### [Work instructions]
Pull every line of the entries that has the word "from".

### [Provided material]
━━━━━━━━━━━━━━━━
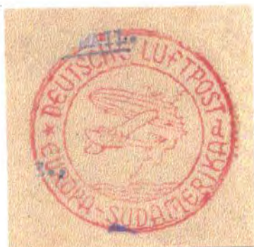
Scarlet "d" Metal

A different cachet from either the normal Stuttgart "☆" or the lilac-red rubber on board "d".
━━━━━━━━━━━━━━━━
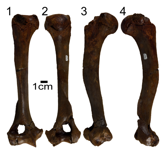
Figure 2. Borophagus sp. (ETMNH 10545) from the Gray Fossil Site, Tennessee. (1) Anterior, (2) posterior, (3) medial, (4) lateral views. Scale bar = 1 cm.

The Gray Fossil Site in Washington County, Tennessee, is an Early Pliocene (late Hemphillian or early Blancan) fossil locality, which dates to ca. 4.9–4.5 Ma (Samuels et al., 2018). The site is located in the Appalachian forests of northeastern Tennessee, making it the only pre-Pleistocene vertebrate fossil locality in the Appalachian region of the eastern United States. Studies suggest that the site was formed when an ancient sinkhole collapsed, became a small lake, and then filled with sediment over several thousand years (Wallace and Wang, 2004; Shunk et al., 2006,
━━━━━━━━━━━━━━━━
### [Answer for this exercise]
A different cachet from either the normal Stuttgart "☆" or the lilac-red rubber on board "d".
Figure 2. Borophagus sp. (ETMNH 10545) from the Gray Fossil Site, Tennessee. (1) Anterior, (2) posterior, (3) medial, (4) lateral views. Scale bar = 1 cm.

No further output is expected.